WHAT YOU NEED TO DO ▸ A faithful, complete copy of the entries below is required, with images removed.

WORKING DATA ▸
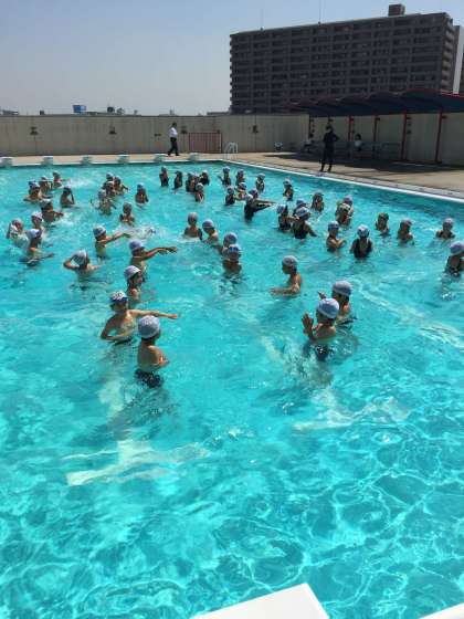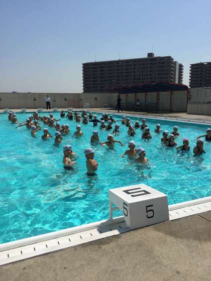 4年生はリズム水泳なので、リズムに合わせて楽しそうに水泳に取り組む姿が印象的でした。
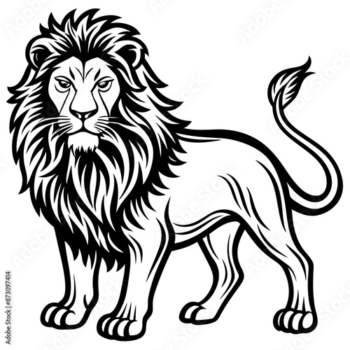 © Vector illustration, Fototapeta premium vector lion hand drawn line art isolated silhouet
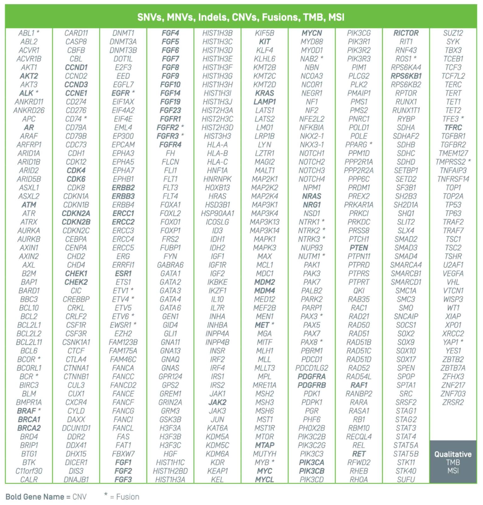 Summit 2.0 investigates cerebrospinal fluid (CSF) for clinically relevant variants known to be associated with brain and spinal cord cancers. The 500+ gene panel includes single nucleotide variants, multi-nucleotide variants, insertions, deletions, copy number variants, chromosomal arm level loss/gain, fusions, and the key biomarkers, TMB and MSI.
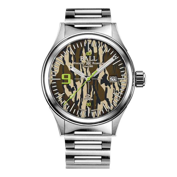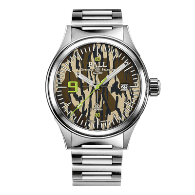 Movement Automatic caliber BALL RR1103 Functions 63 micro gas tubes on hour, minute, second hands and dial for night reading capability Shock resistant to 5,000Gs Water resistant to 100m/330ft Hours, minutes, sweep seconds and date Case Stainless steel Ø 40mm, height 11.3mm Anti-reflective sapphire crystal Screwed-in crown Band Stainless steel bracelet with folding buckle Dial Black or camouflage
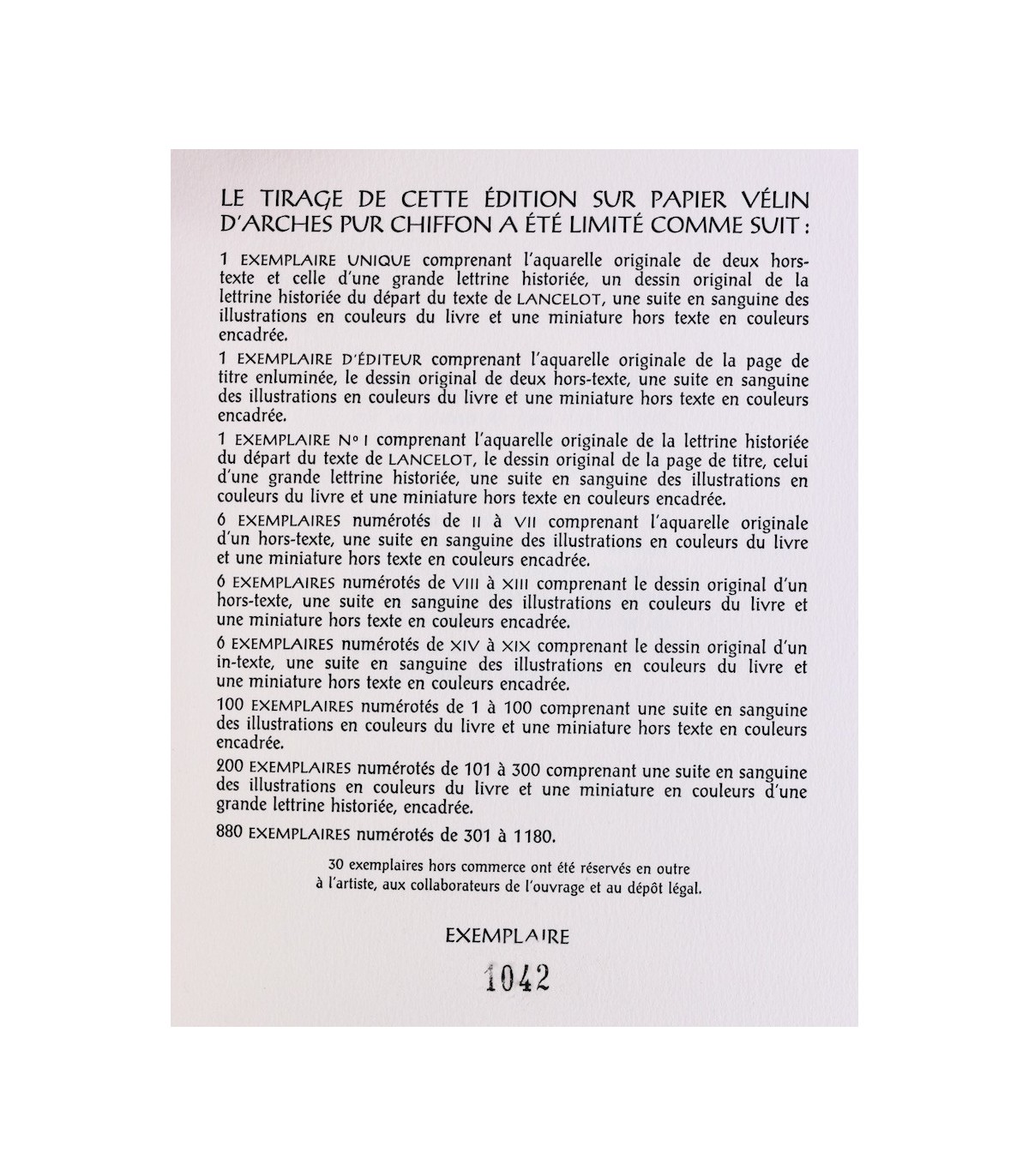 In-4 (30,3cm x 23,4cm) de 198-[11]pp. Tirage limité à 1231 exemplaires numérotés sur vélin d’Arches pur chiffon, dont 1 ex. unique, 1 ex. éditeur, 1 ex. avec une aquarelle, 2 dessins originaux, une suite et une miniature encadrée, 6 ex. avec une aquarelle, une suite et une miniature encadrée, 12 ex. avec un dessin original, une suite et une miniature encadrée, 100 ex. avec une suite et une miniature encadrée, 200 ex. avec une suite et une lettrine encadrée, 880 ex. non enrichis et 30 ex. hors-commerce.

YOUR RESPONSE ▸
 4年生はリズム水泳なので、リズムに合わせて楽しそうに水泳に取り組む姿が印象的でした。
 © Vector illustration, Fototapeta premium vector lion hand drawn line art isolated silhouet
 Summit 2.0 investigates cerebrospinal fluid (CSF) for clinically relevant variants known to be associated with brain and spinal cord cancers. The 500+ gene panel includes single nucleotide variants, multi-nucleotide variants, insertions, deletions, copy number variants, chromosomal arm level loss/gain, fusions, and the key biomarkers, TMB and MSI.
 Movement Automatic caliber BALL RR1103 Functions 63 micro gas tubes on hour, minute, second hands and dial for night reading capability Shock resistant to 5,000Gs Water resistant to 100m/330ft Hours, minutes, sweep seconds and date Case Stainless steel Ø 40mm, height 11.3mm Anti-reflective sapphire crystal Screwed-in crown Band Stainless steel bracelet with folding buckle Dial Black or camouflage
 In-4 (30,3cm x 23,4cm) de 198-[11]pp. Tirage limité à 1231 exemplaires numérotés sur vélin d’Arches pur chiffon, dont 1 ex. unique, 1 ex. éditeur, 1 ex. avec une aquarelle, 2 dessins originaux, une suite et une miniature encadrée, 6 ex. avec une aquarelle, une suite et une miniature encadrée, 12 ex. avec un dessin original, une suite et une miniature encadrée, 100 ex. avec une suite et une miniature encadrée, 200 ex. avec une suite et une lettrine encadrée, 880 ex. non enrichis et 30 ex. hors-commerce.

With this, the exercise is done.